I cannot here repeat what I have elsewhere eloquently argued: that the anti-intellectual nature of schooling which I and my colleagues decry, now joined by Roger Shattuck, characterizes the educational experience, even as Hofstadter argued eloquently that anti-intellectualism characterizes American Society. Certainly, the glee with which our present President reminds us of his educational mediocrities does not bode well for improving the intellectual climate.
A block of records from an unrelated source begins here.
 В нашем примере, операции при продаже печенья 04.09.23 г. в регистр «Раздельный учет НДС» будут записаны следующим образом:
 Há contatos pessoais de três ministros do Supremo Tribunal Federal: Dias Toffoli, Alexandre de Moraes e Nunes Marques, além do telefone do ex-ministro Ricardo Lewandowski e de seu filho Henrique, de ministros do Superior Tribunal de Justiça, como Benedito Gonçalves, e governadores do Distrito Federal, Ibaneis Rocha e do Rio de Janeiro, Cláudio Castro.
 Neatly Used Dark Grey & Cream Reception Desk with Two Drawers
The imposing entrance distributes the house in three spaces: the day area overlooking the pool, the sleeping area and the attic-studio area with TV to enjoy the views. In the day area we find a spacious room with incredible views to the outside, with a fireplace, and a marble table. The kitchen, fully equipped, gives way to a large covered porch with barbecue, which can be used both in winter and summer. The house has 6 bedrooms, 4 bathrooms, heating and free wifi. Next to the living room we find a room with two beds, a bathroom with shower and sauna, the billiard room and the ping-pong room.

Indeed, every time that man speaks he denies everything for which in my thirty four years in the classroom I have stood and will continue to stand.
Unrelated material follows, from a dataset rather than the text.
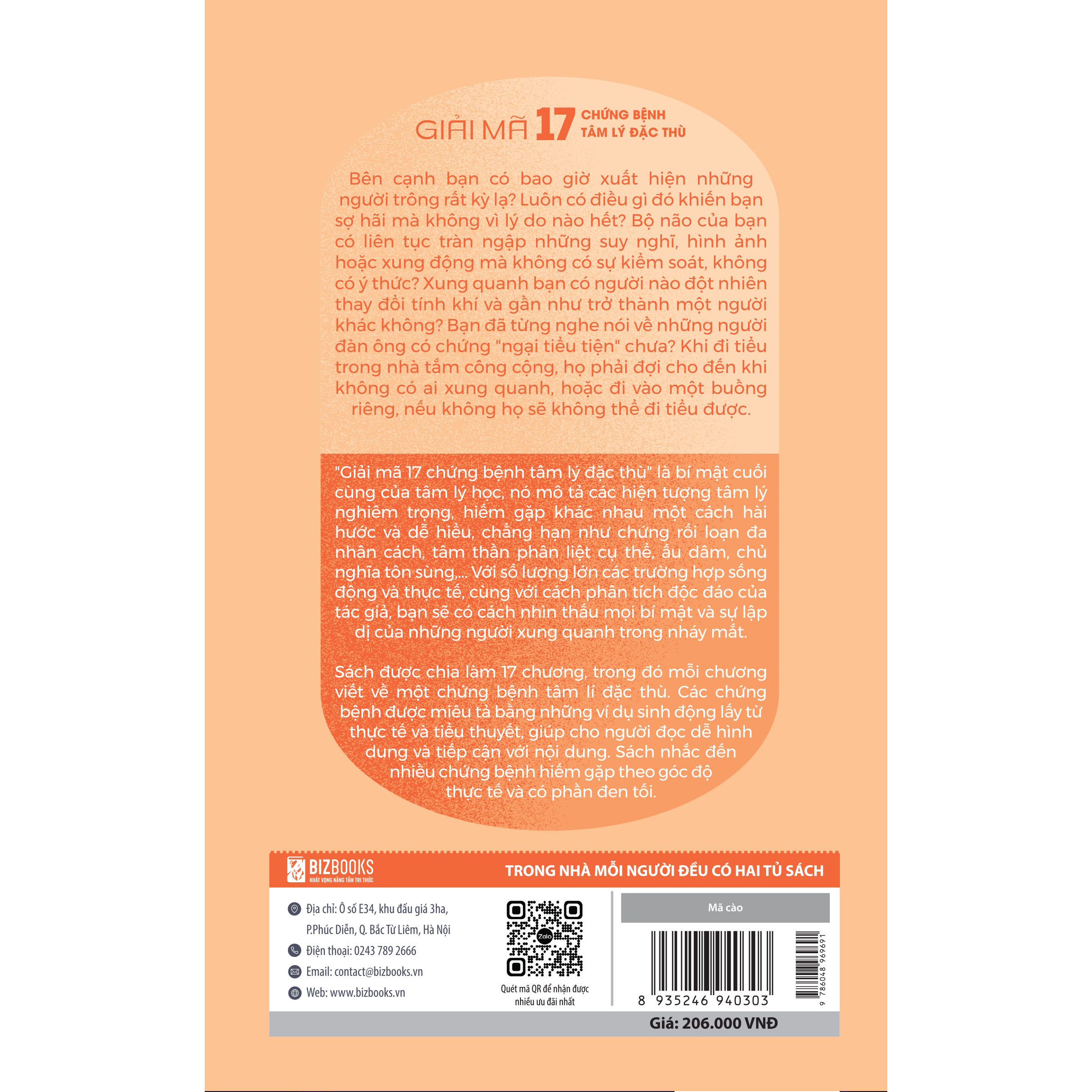 17 chương trong cuốn sách Giải mã 17 chứng bệnh tâm lý đặc thù đều được miêu tả bằng những ví dụ sinh động lấy từ thực tế để người đọc dễ hình dung hơn. Hãy đọc cuốn sách này để khám phá những bí mật đằng sau các hành vi kỳ quặc hoặc hiểu rõ hơn về tâm lý con người.
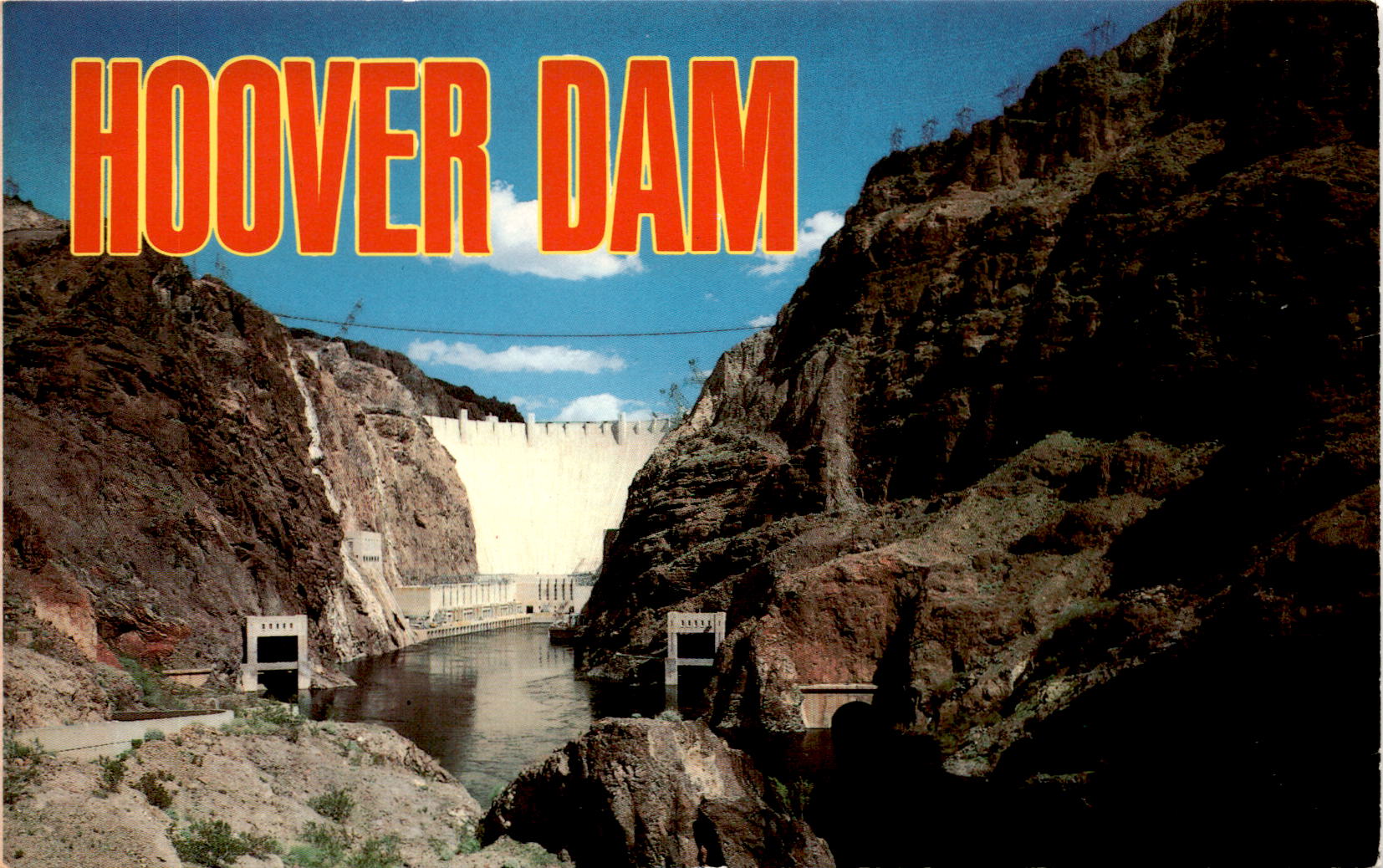 The Hoover Dam is an impressive feat of engineering, standing at a towering 726.4 feet high. Located at the boundary between Arizona and Nevada, this iconic structure was constructed by the United States Bureau of Reclamation. The downstream face of the dam offers a breathtaking view of the Colorado River below, showcasing the power and beauty of this man-made marvel.Visitors to the Hoover Dam can learn about its history and significance at the Visitor’s Bureau in Boulder City, Nevada. The dam serves as a vital source of hydroelectric power and water for the surrounding areas, making it a crucial part of the region’s infrastructure. The Mike Roberts Color Productions postcard captures the grandeur of the dam, with its striking image of the downstream face against the backdrop of the desert landscape.As a popular tourist destination, the Hoover Dam attracts visitors from around the world who come to marvel at its sheer size and engineering prowess. The postcard serves as a memento for those who have visited the dam, or as an invitation for others to come and experience its grandeur for themselves. Whether you’re interested in history, engineering, or simply enjoying the beauty of nature, the Hoover Dam offers something for everyone to appreciate and admire.

What Shattuck argues, that curriculum must be intellectually challenging and emotionally fulfilling, and psychologically relevant, has been the ignored cry of a most wonderful community of scholars whom I am proud to call my teachers and my colleagues. I can at a moment’s notice provide an extensive bibliography to help Mr. Shattuck begin the wonderful journey to a legitimate and viable curriculum. But for his plea, at least, I and my colleagues applaud Mr. Shattuck, and invite him to share and share in, our work.
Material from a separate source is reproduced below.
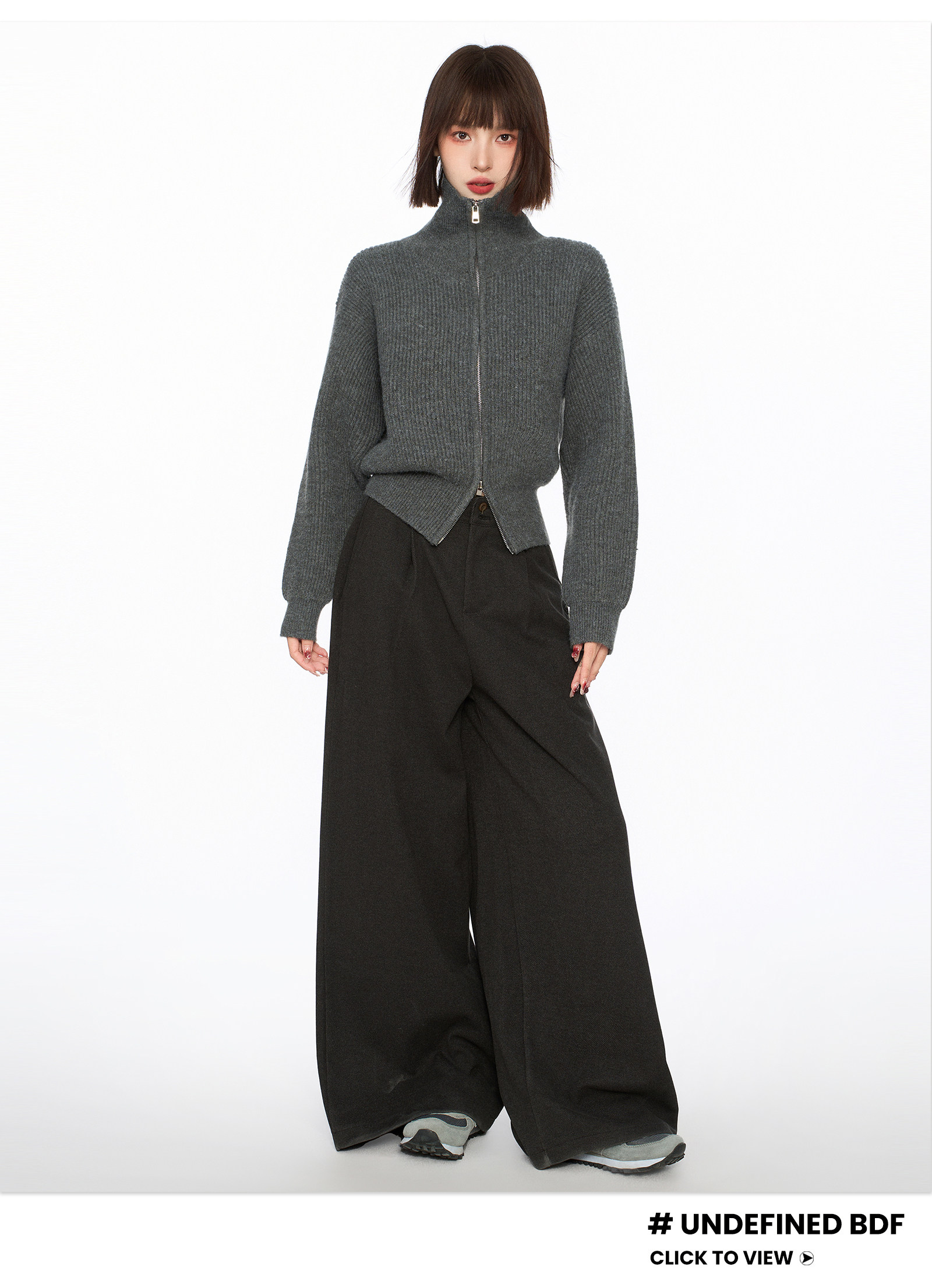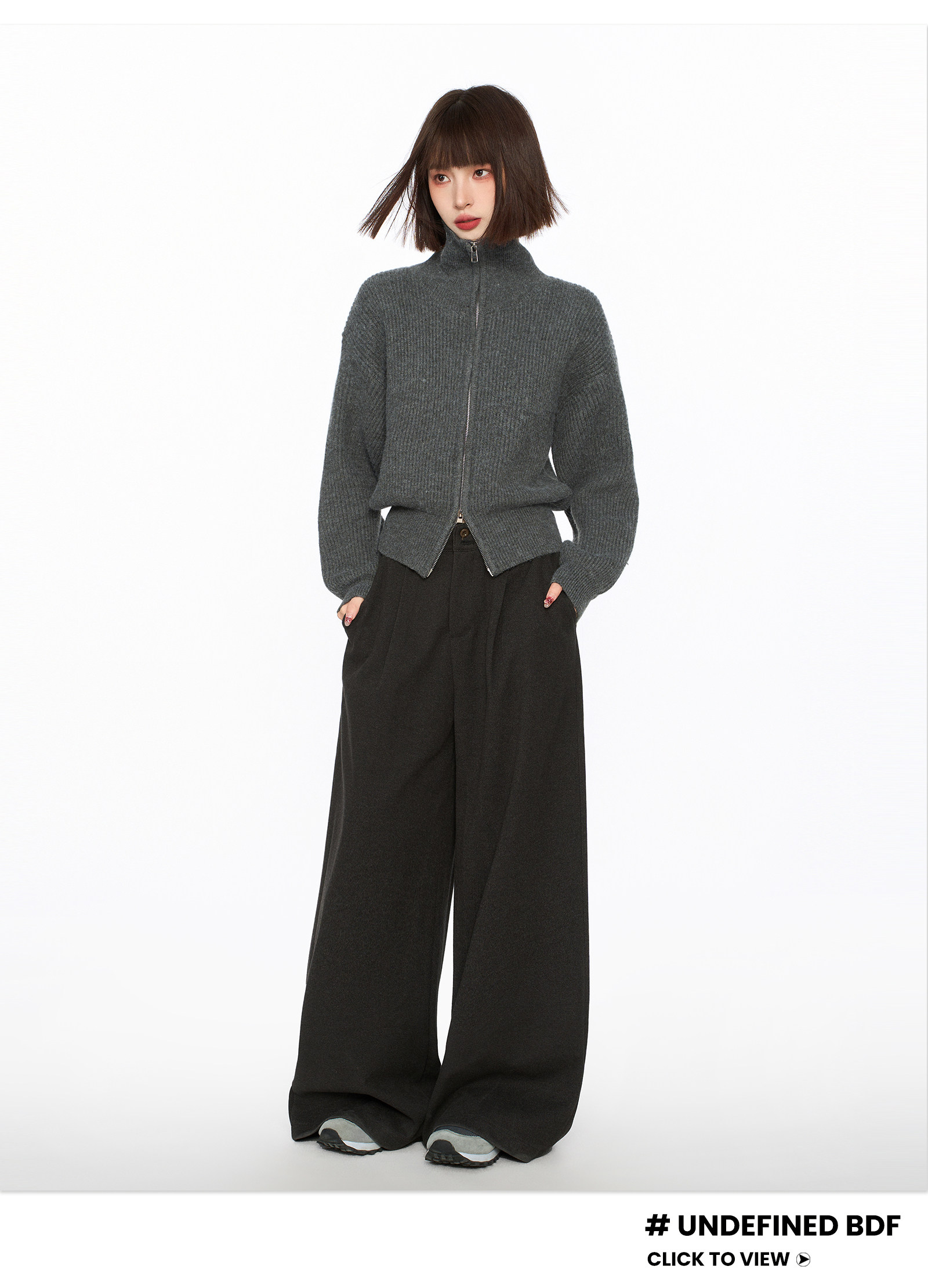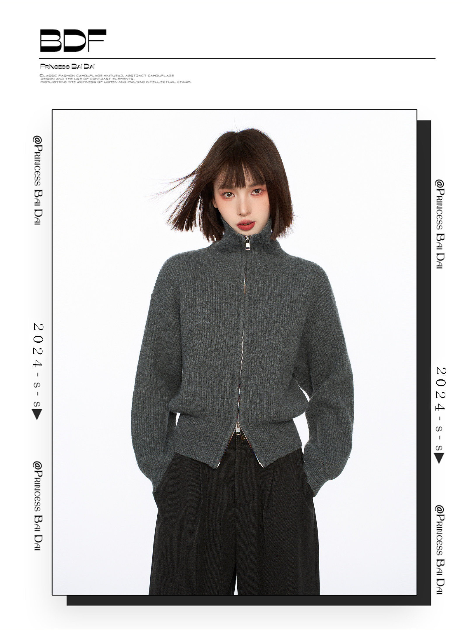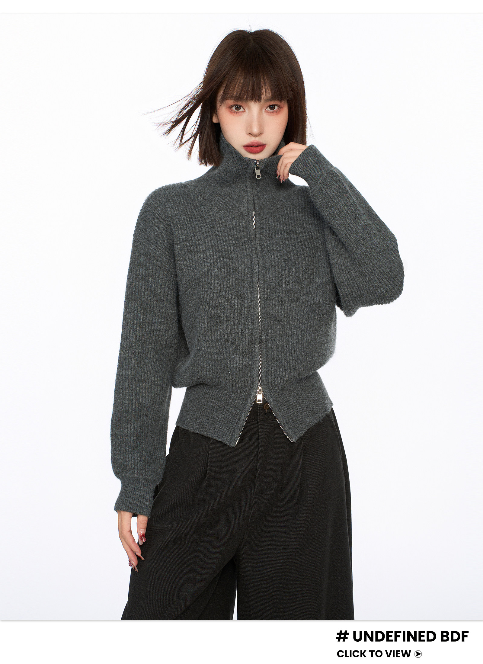灰色立領雙拉鍊針織毛衣外套女秋冬季小個子加厚高領慵懶開衫上衣

Though we heartily concur with Roger Shattuck’s complaint, we are disappointed with his solution—the adoption of what Shattuck claims is the only “curriculum that moves grade by grade . . . that uses simple lists of specific content, that does not prescribe teaching methods, that is cross-referenced, and that turns out to be informative and even a pleasure to read.” This incredible document, it turns out, is the product of Core Knowledge, and is the work of none other than scholar E.D. Hirsch, who is 1989, in The New York Review of Books, argued “that the purpose of education is the transmission of an accumulated shared body of knowledge, and the continued enlargement of that same ‘shared’ body by a method of selection to which those privileged few are privy.” I responded in some small measure to Hirsch’s NYRB piece in The Journal of Curriculum Theorizing (1989, 8:3), and my criticism can be read there. This notion of core knowledge recreates the very dualism that Dewey’s work exploded more than one hundred years ago. Because the core knowledge here is merely a curriculum centered education totally unmindful of the children. In his conceptualizations, Shattuck should start not with Dewey’s rightly famous, My Pedagogic Creed which Shattuck says Dewey rose above after his work in the lab school, but with Dewey’s essay, “The Psychological Aspect of Curriculum,” (1897) in which Dewey dismissed the current dualisms which rendered education if not impossible, then certainly ineffective. There is nothing to my knowledge in Dewey which would advocate the core curriculum promulgated by Hirsch and his colleagues.

Rather, Dewey would continually argue that the content which my children address in school should be rigorous and intellectually stimulating, but must derive from their experiences!! There is nothing wrong with every student reading a different text, as long as the classroom is structured so that the voice of each student and each text is provided purpose and place. Education is not knowledge of the text, but the means by which that text informs the life of the reader of it. There is nothing wrong with every student in the class reading the same text as long as the voices of the students inheres in the chosen text, and so long as the environment is so constructed (by the wise teacher) that a complicated conversation with the text(s) at the center develops. It is from that conversation that the child’s experience may be reconstructed! This is an intellectual journey requiring an intellect which the curriculum should foster and offer.